Claiming the Credit: Companies can declare the ERC by reporting it on their work tax returns, usually Kind 941. If the credit goes beyond the quantity of work taxes owed, the excess can be refunded to the employer.
It is necessary to keep in mind that the ERC provisions and eligibility requirements have evolved gradually. The very best strategy is to talk to a tax professional or go to the main IRS website for the most up-to-date and in-depth information regarding the ERC, consisting of any recent legislative changes or updates.
To receive the ERC, an organization must fulfill one of the following criteria:.
The business operations were completely or partly suspended due to a government order related to COVID-19.
The business experienced a significant decrease in gross invoices. For 2021, a substantial decline is defined as a 20% decrease in gross invoices compared to the very same quarter in 2019. For 2022 and beyond, a considerable decrease is defined as a 20% decline in gross receipts compared to the same quarter in 2019, or a 20% decline in gross invoices compared to the right away preceding quarter.
The ERC is offered to organizations of all sizes, including tax-exempt companies, however there are some exceptions. Federal government entities and services that got a PPP loan might have constraints on claiming the credit.

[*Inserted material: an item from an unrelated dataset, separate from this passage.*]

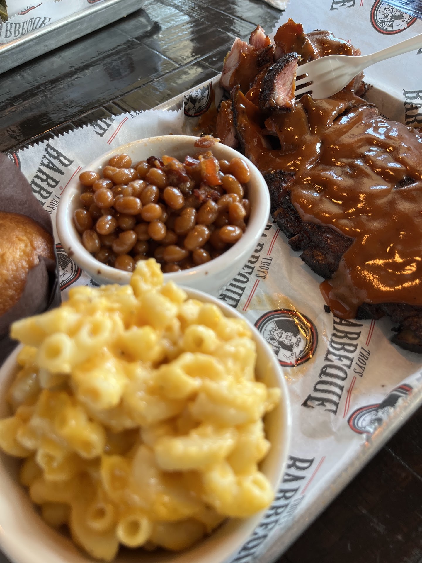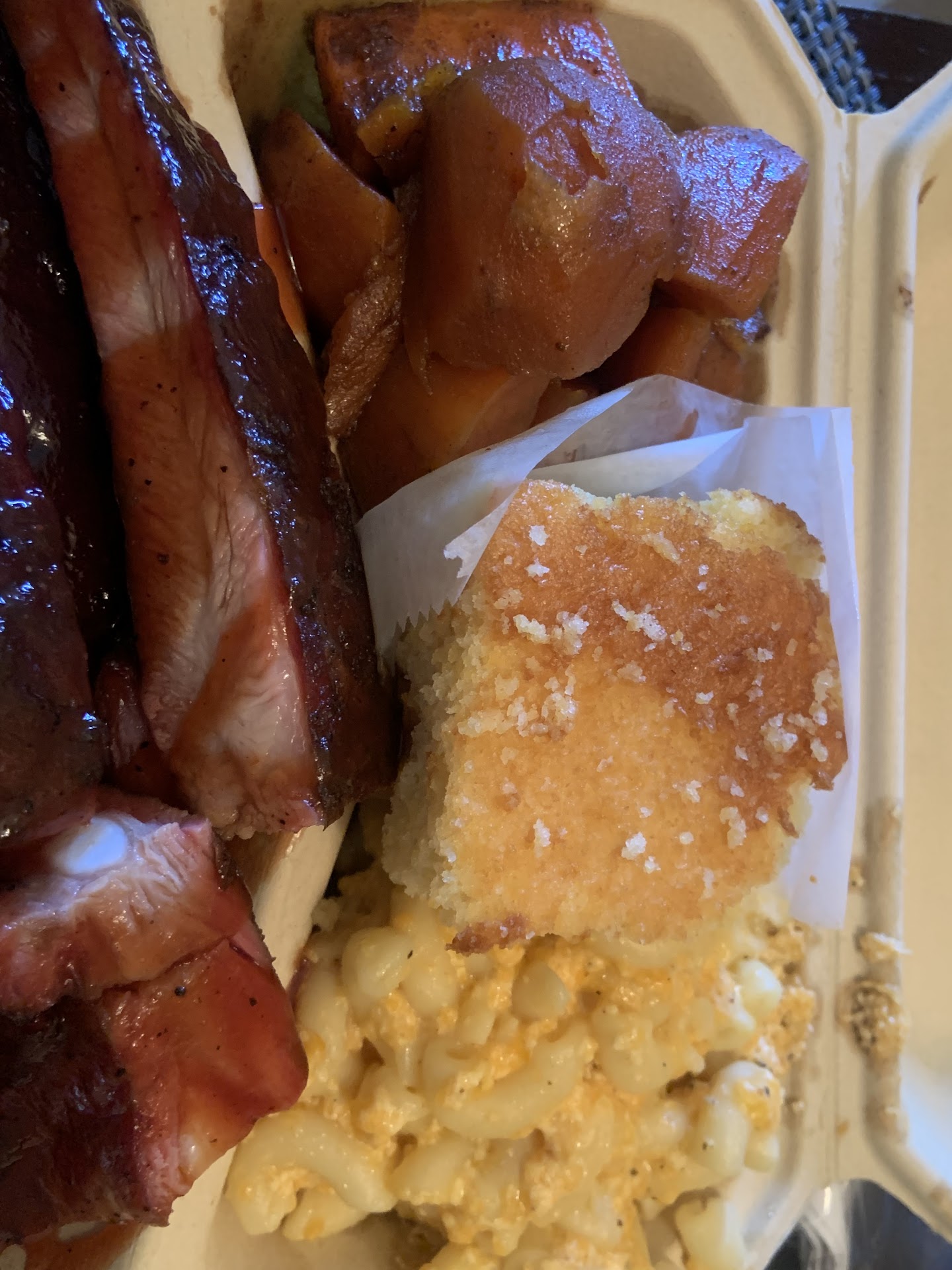 The first time that I came, I spent $30 on a combination plate and what I got was disgraceful. When they handed me the bag through the drive-through window, it didnât even feel like anything was in the bag. I ordered the brisket/Rib dinner w/ the two sides. The brisket that they served me seemed like old dry deli meat. One piece was just in a big hard chunk. It was the butt end of the brisket and it was cut entirely to thick along with two very small slices about 2 inches long each. The mac & cheese was trash and the greens were so salty that I had to spit them out. They werenât edible at all. So to serve greens in that state is just irresponsible. The only fairly decent thing that they gave me were three tiny little small ribs.

The process for claiming the ERC includes finishing the necessary types and consisting of the credit on your employment income tax return (normally Form 941). The exact time it takes to process the credit can differ based on numerous factors, consisting of the intricacy of your service and the workload of the internal revenue service. It’s advised to speak with a tax professional for guidance specific to your scenario.
There are several business that can assist with the procedure of declaring the ERC. Some widely known business that provide assistance with ERC claims consist of ADP, Paychex, Deloitte, and Ernst & Young.
Please keep in mind that the info supplied here is based on general understanding and may not show the most recent updates or changes to the ERC. It is necessary to consult with a tax expert or check out the main IRS website for the most up-to-date and precise information regarding eligibility, declaring treatments, and available assistance.
Less than 100. The credit is based if the employer had 100 or fewer staff members on average in 2019.
on earnings paid to all workers whether they in fact worked or not. Simply put, even if the.
workers worked full time and got paid for full time work, the employer still gets the credit.
Greater than 100. The credit is if the company had more than 100 employees on average in 2019.
allowed only for wages paid to staff members who did not work during the calendar quarter.
In both cases, “wages” consists of not just money payments however also a portion of the expense of employer.
provided healthcare. Employee Retention Credit Payroll Tax Deferral
Employers can be immediately compensated for the credit by decreasing the quantity of payroll taxes they.